Running arbitrary text munging commands in TeXShop

Posted in Computing, LaTeX at 12:15 pm by leingang


File this under “If I blog about it, it might actually be worth the time it took to figure it out”…

I use TeXShop to handle my LaTeX documents. It works, it’s mac-like, and it’s pretty flexible. One thing I like about it is the Macro Editor, where you can define some boilerplate strings to insert in the document (and tie keyboard shortcuts to them). The Macro Editor has some simple replacement features: for instance #SEL# will get replaced by the current selection. In this way, you can define a macro which wraps an enviroment around whatever’s currently highlighted. The Macro Editor also allows you to write AppleScript code and execute it.

Another thing I like is the regular-expression enabled find and replace dialog. Anything you can write with a sed one-liner, you can use to transform text.

But what I needed was to be able to do this:

  • highlight text in TeXShop
  • run a macro that transforms that text (something more complicated than a single regex search-and-replace), probably running AppleScript which in turn would run a shell script.
  • replace the selected text with the transformed text.

The actual job I wanted to do was to take the text exported by OmniOutliner, which is plain text with items indented and marked by “-”, and convert it to the LaTeX itemiz environment.

The Google wasn’t helping me with examples on how this is done, so I had to figure it out myself. First, I forgot about writing the macro inside of TeXShop; I used Apple’s built-in (at least I think it’s built-in, if not, you have to install the giant XCode package) Script Editor.
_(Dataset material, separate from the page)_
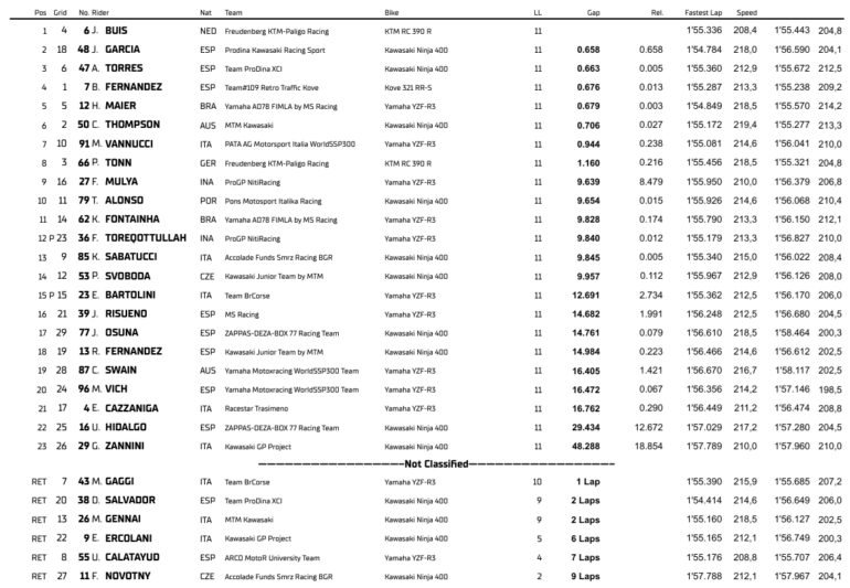 Buis se impuso en la Carrera 1 del Campeonato del Mundo FIM Supersport 300 haciendo valer su experiencia en la divisional mientras que el debutante Beñat Fernández, que sorprendió a todos con la pole del viernes sobre la Kove China, se impuso de manera brillante sobre el cierre de la Carrera 2 también haciendo valer su experiencia del FIM JuniorGP donde corrió en el ETC.
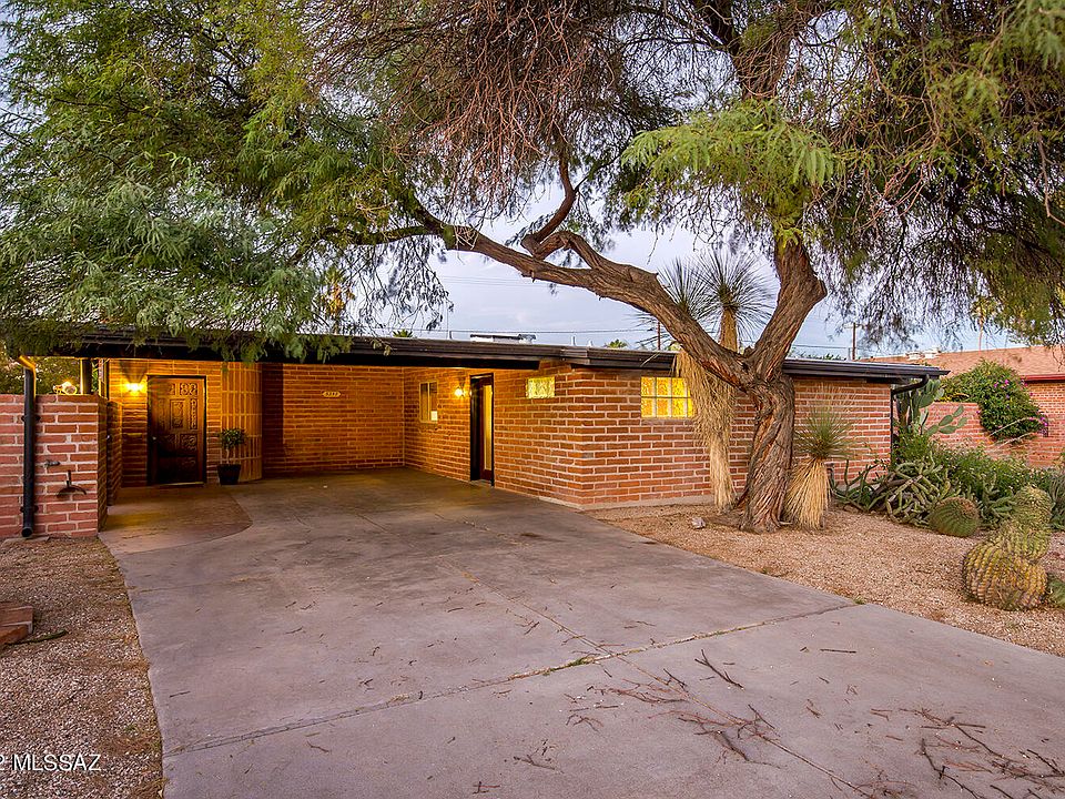 Ranch style, 3 Br/ 2 Bath, 1 block to UofA bike path. Expansive, remodeled kitchen with custom, cherry cabinets; composite countertops; stainless steel appliances; wine rack. Travertine & slate floors, marble fireplace in the great room which opens to large backyard with a ramada (perfect for relaxing or eating), separate firepit; not very visible masonry storage bldg. fenced off in the corner of the backyard. Plenty of space for a pool or guest house. Brs. have cedar closets. Built in cabinets in laundry rm. Walk or bike to restaurants, spas, Whole Foods, etc. Quiet street ends in a T before Country Club.

Writing AppleScripts is a pretty trying process of wading through Script Dictionaries and reading the Result Log and multiple, multiple trials and errors. In fact, Chapter 3 of AppleScript: The Definitive Guide shows that this is actually the Best (available) Practice (for some reason that got left out of the latest edition. Pity.) But I got it, eventually:

convert Omni Outliner exported text to LaTex itemize environment

Matthew Leingang

2007-09-03

set crlf to

tell application “TeXShop”

set theSelection to the selection of the first document

set input to the content of the selection of the first document as string

write selection to a file to avoid quoting issues

putting “as string” in the definition of input makes this file an ascii file rather than a unicode file

set fileSpec to (path to temporary items folder as string) & (do shell script “echo $$”)

try

set f to open for access fileSpec with write permission

set eof f to 0

write input to f

close access f

on error

try

close access f

end try

beep

return

end try

do the actual text munging

set theScript to “perl -pe ” & quoted form of “s/^( *)- /\\\\item\\n\\1 /” & ” < ” & quoted form of POSIX path of fileSpec

set output to “\\begin{itemize}” & crlf & (do shell script theScript) & crlf & “\\end{itemize}”

remove the temporary file

do shell script “rm ” & quoted form of POSIX path of fileSpec

replace

set the selection of (first document) to output

end tell

The code block below “–write selection as a file…” takes the current selection and writes it to a temporary file.  There are ways of escaping troublesome characters on the command-line, but AppleScript is not a very good text editor.  So I went the way of the temporary file, which, as you can see, involves generating a path name, opening the file, erasing the file, writing the selection to the file, then closing the file.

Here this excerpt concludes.